» **REQUIRED WORK**:
Range to repeat from the listing below: the line containing "Another all-day breakfast" down to the line containing "Die drei komischen", both included. Copy it exactly, pictures excluded, and add nothing else.

» **DATA SHOWN**:

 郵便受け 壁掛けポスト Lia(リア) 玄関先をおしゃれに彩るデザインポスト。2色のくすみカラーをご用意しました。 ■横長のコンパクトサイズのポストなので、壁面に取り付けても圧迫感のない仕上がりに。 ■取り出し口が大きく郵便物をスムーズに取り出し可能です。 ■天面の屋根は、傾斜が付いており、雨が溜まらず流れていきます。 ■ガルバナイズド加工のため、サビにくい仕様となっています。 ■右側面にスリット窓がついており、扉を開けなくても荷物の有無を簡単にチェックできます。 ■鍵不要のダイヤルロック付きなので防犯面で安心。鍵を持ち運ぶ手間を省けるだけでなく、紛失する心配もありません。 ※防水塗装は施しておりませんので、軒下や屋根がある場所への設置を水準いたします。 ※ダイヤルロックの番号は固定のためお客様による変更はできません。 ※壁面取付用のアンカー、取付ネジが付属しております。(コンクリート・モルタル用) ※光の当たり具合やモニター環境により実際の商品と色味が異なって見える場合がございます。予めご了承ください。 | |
==
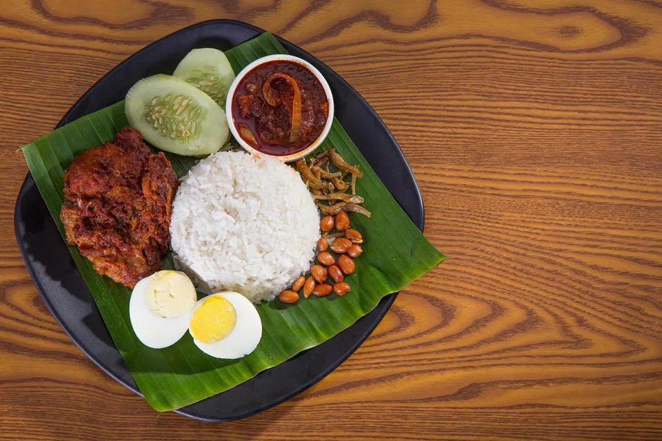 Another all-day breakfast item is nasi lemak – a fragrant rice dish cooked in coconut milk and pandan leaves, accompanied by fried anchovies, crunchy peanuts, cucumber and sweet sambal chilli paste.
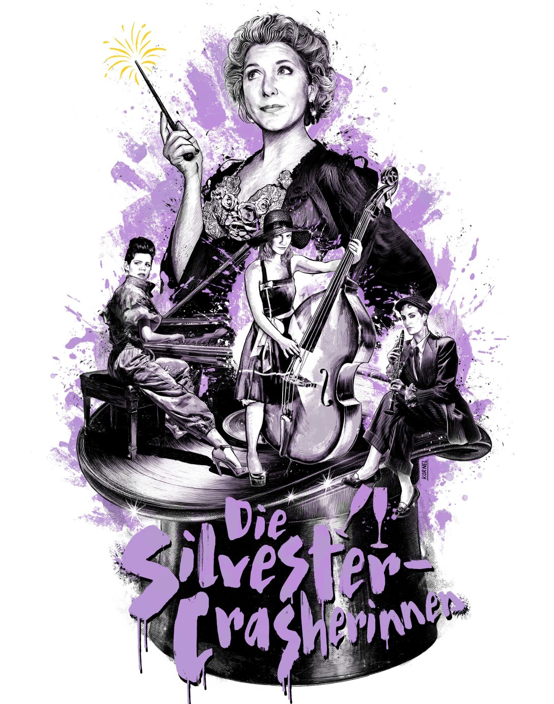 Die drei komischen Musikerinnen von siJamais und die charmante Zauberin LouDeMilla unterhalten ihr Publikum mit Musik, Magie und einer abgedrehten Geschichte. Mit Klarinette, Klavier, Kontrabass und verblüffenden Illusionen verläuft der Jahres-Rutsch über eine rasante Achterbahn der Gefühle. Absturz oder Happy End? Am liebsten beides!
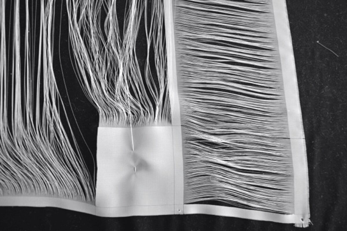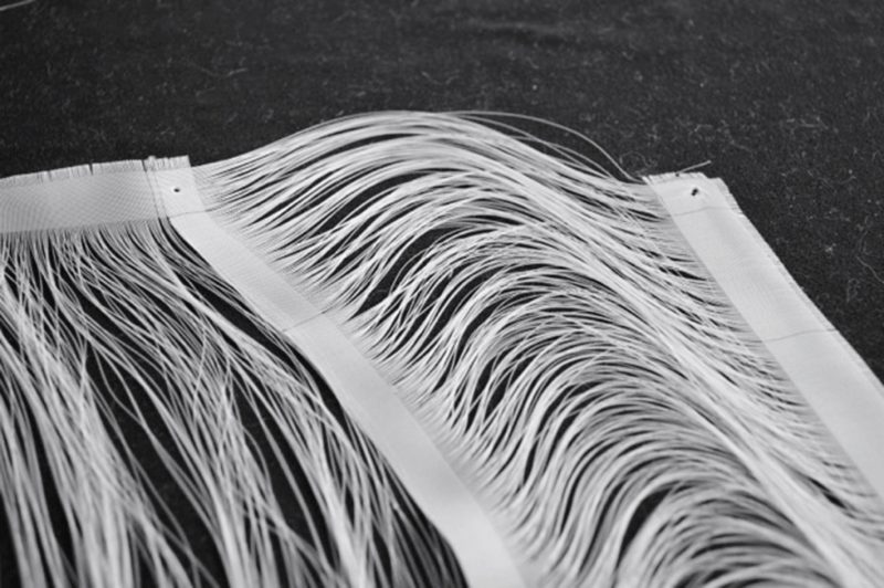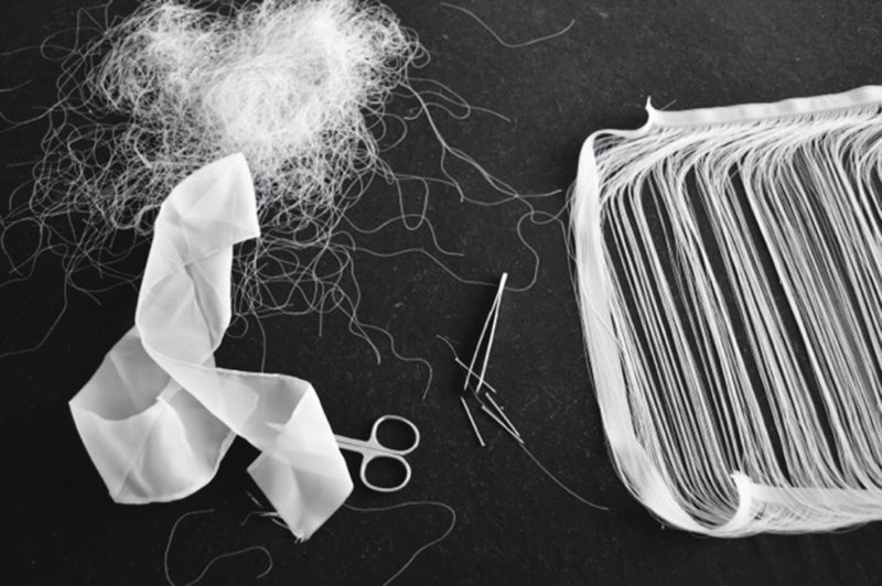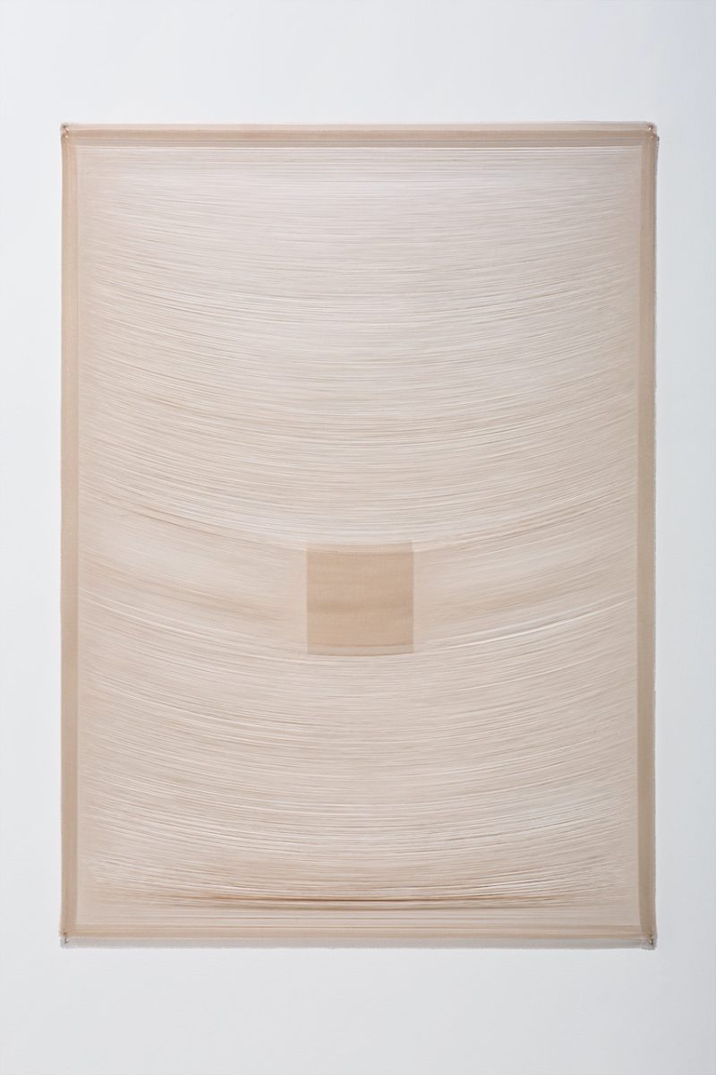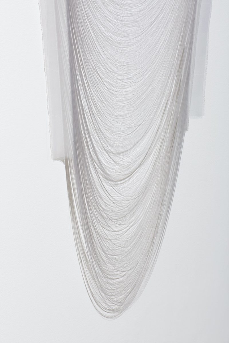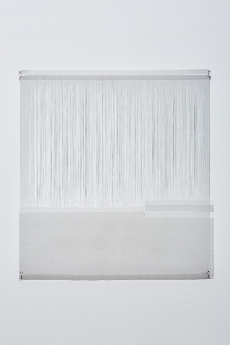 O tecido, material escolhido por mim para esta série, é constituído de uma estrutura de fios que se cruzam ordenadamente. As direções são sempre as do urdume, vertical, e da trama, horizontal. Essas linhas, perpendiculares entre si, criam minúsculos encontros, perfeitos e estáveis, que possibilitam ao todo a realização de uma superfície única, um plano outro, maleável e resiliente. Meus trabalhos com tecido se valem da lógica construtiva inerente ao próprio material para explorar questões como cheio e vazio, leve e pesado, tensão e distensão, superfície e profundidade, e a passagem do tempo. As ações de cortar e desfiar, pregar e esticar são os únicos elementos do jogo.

» **OUTPUT FOR THIS EXERCISE**:
 Another all-day breakfast item is nasi lemak – a fragrant rice dish cooked in coconut milk and pandan leaves, accompanied by fried anchovies, crunchy peanuts, cucumber and sweet sambal chilli paste.
 Die drei komischen Musikerinnen von siJamais und die charmante Zauberin LouDeMilla unterhalten ihr Publikum mit Musik, Magie und einer abgedrehten Geschichte. Mit Klarinette, Klavier, Kontrabass und verblüffenden Illusionen verläuft der Jahres-Rutsch über eine rasante Achterbahn der Gefühle. Absturz oder Happy End? Am liebsten beides!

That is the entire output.